Поциковского в детстве очень избаловали, и он решил остаться младенцем до лысых седин. Чтобы остаться ребенком и чтобы выпросить у жизни побольше, он готов претерпеть многое. Вы даже можете меня иногда наказывать, если я буду плохо себя вести или скажу что-нибудь не то. Но я не скажу, я же знаю, что мальчик должен быть умненький-благоразумненький. Дети становятся все более думающими и ответственно относящимися к жизни. Я ни за что не буду смотреть на то, что мне запрещено, никогда не посмею подумать крамольную мысль. А если и закатится какая – уж я сумею размазать ее, как, какашку по стенке унитаза. Только я должен (и буду) жить комфортабельно.

Закрадывается подозрение, что он не один такой капризный, упрямый и злобный ребенок, играющий в игрушки массовидных явлений. Приходит прямо-таки гераклитовская мысль, что миром правит младенец, играющий в шашки. В куклы, в солдатики…

НЕ СЛИШКОМ ЛИ МНОГО НА СЕБЯ БЕРЕШЬ?

Надо признаться, что эти ночные мысли нагнали на меня состояние восторженной эйфории. Сердце мое колотилось, и я не мог надышаться прокуренным воздухом комнаты – под ложечкой чувствовалось особенно приятное растепление, и особенно сильный озноб колотил меня в эту ночь. Как будто я понял что-то ужасно важное о себе. То, что давно смутно знал, чем давно уже жил – всегда. И вот вдруг сейчас это тайное знание вышло наружу. Это как если бы я болел какой-то серьезной болезнью, которая подтачивала мои силы, давала себя чувствовать тяжким беспокойством. Но вот она названа – случилось то, чего я так ужасался, и меня трясет от радостного облегчения, надежды на излечение.
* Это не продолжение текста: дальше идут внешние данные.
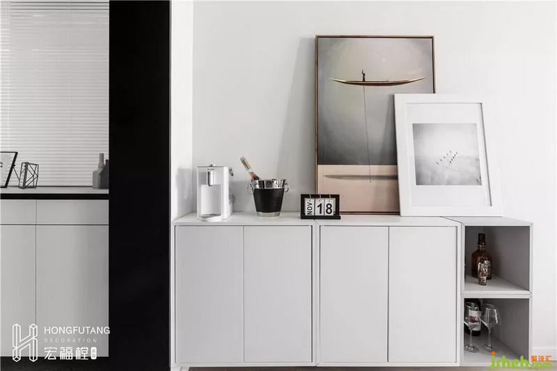 書房飄窗加寬,采用榻榻米形式,右側(cè)設(shè)立半封閉收納柜,可作為擺件的放置區(qū),榻榻米下方也有足夠的收納空間放置不常用物品,使得空間更加整潔;榻榻米的采用一是可作為業(yè)主偶爾工作放松區(qū)域、閱讀區(qū),二是可以用作客人留宿使用。
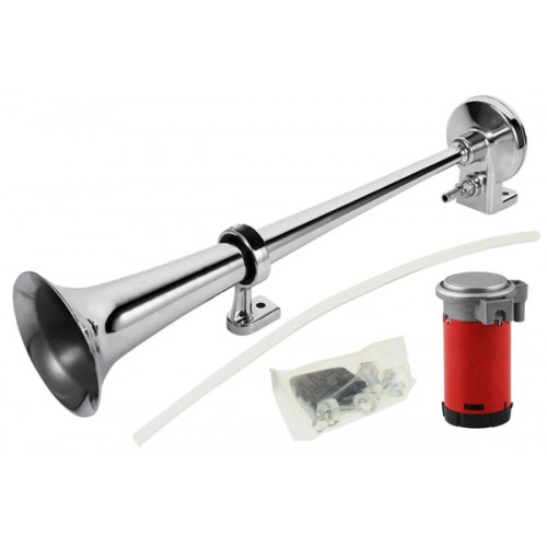 Сигнал электрический 12V одно рожковый с компрессором хром, L 450мм
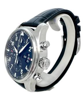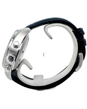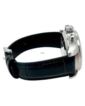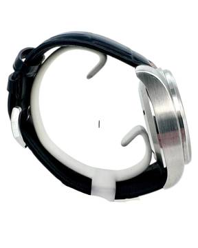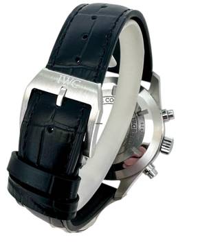 Das robuste Edelstahlgehäuse unterstreicht den professionellen Charakter der Uhr, während das hochwertige schwarze IWC Lederband für hohen Tragekomfort sorgt. Abgerundet wird das Gesamtbild durch die originale IWC Dornschließe, die Sicherheit und Authentizität garantiert.

Хотя, в общем, причем тут надежда? Просто из сивого бреда Поциковского Илюша извлек смутную мысль для своей статьи. Не то чтобы это было что-то такое особенно умное и глубокое. Просто в нем самом оно касалось чего-то очень важного и болезненного. И он счел: значит, важного всем. Теперь это надо бы прояснить, зафиксировать. Но сперва дать созреть, довести до ума. В первую очередь успокоиться. Он оделся и вышел на воздух.
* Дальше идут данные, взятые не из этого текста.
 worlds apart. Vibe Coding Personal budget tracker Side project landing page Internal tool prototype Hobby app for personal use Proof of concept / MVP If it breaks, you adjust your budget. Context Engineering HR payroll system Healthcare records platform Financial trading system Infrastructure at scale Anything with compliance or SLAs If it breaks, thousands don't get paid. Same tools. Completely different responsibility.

Ночь, когда уже начинает светать. Огромная мощеная площадь. Дома по ее краям скрываются как бы в тумане. Угадывается мощная, классических форм, но совершенно несоразмерная человеку архитектура. Я пересекаю эту бесконечную площадь. Я виден издалека – со спины и сверху. Маленькая темная фигурка, затерянная в массе пустого пространства. Иду с огромным трудом – это видно даже издали, – как будто придавлен тяжелой ношей. И в душе ощущение тяжести – горблюсь… И вдруг – как пулей сражен пониманием: я бессмертен! Как же я раньше в этом мог сомневаться?! Восхитительная уверенность! Ноша спадает, я расправляю плечи, делаю глубокий вздох…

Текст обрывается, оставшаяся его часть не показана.